Implication for production: Users running Llama-70B on 4x A100s need to test this themselves.
The Prometheus Metrics Gap
The blog mentions monitoring but doesn't provide metric names. Based on vLLM patterns, expect:
vllm_kv_offload_total # Count of offload operations
vllm_kv_offload_bytes # Bytes moved to CPU
vllm_kv_reload_total # Count of reload operations
vllm_kv_cache_hit_rate # % requests with CPU cache hit
Production gap: No guidance on what "good" values look like. Cache hit rate >70% likely ideal based on throughput curves.
Practical Takeaways: What to Actually Do
Distilling the blog's findings into actionable advice:
Start Simple
vllm serve <model> \
--kv-offloading-backend native \
--kv-offloading-size 64 # Start with 64GB
Monitor cache hit rate. If low (<50%), you need more CPU DRAM or less concurrency.
Size the CPU Cache
Rule of thumb from benchmarks:
- 1 GB per 1000 tokens of active working set
- For 100 concurrent 8K-token requests: ~800GB
- Obviously impractical → tune based on hit rate
Practical sizing:
- 16GB: Minimal (handles ~20 concurrent 8K requests)
- 64GB: Good (handles ~80 concurrent 8K requests)
- 128GB: Excellent (handles ~160 concurrent 8K requests)
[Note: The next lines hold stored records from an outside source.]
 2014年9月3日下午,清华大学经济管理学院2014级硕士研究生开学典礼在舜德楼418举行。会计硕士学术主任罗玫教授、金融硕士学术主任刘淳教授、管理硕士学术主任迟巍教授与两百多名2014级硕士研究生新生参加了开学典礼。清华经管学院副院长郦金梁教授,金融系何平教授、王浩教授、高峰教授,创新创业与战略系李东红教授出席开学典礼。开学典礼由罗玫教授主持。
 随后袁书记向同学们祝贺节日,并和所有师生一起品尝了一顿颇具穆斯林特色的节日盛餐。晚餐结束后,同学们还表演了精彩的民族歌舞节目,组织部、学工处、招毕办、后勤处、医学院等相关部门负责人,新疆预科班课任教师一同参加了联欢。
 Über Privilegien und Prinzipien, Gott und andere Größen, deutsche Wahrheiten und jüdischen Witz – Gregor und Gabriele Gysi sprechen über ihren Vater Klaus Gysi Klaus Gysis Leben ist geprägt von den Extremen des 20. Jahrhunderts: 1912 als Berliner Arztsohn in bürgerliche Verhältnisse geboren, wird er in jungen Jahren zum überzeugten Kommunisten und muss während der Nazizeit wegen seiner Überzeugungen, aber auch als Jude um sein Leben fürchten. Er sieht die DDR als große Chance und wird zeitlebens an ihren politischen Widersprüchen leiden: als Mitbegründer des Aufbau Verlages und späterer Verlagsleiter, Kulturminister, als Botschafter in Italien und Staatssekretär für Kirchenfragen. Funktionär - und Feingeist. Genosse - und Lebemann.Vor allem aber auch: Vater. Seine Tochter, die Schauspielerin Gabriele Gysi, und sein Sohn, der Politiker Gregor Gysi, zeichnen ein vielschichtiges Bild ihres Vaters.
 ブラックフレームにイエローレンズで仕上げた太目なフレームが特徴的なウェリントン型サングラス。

Know Your Break-Even Point
From the TTFT numbers:
- 8K tokens: 22x benefit → use offloading
- 2K tokens: 10x benefit → probably use offloading
- 512 tokens: 2x benefit → maybe skip (low ROI)
If your median prompt is <1K tokens, this feature might not be worth the complexity.
Combine with LMCache for Maximum Effect
vllm serve <model> \
--kv-offloading-backend native \
--kv-offloading-size 64 \
--enable-lmcache \
--lmcache-config redis.yaml
Stack the benefits:
- LMCache handles cross-instance sharing (chunk-level)
- Native offloading handles local preemption (DMA-fast)
- Best of both worlds
Conclusion: A Narrow but Powerful Tool
The vLLM blog post describes a feature that solves one specific problem exceptionally well: avoiding recomputation after GPU memory preemption.
What it is:
- Memory extension for single vLLM instance
- DMA-based GPU↔CPU transfers
- Massive TTFT reduction (2-22x)
- Up to 9x throughput with high cache hit rates
What it isn't:
- Distributed cache (use LMCache for that)
- Persistent storage (lost on restart)
- Position-independent matching (prefix-based only)
The real finding: Adding $400 of CPU DRAM can 10x throughput on a $30,000 GPU. The ROI is absurd for high-concurrency, long-context workloads.
For production LLM deployments running vLLM with memory pressure and long contexts, this isn't optional — it's table stakes.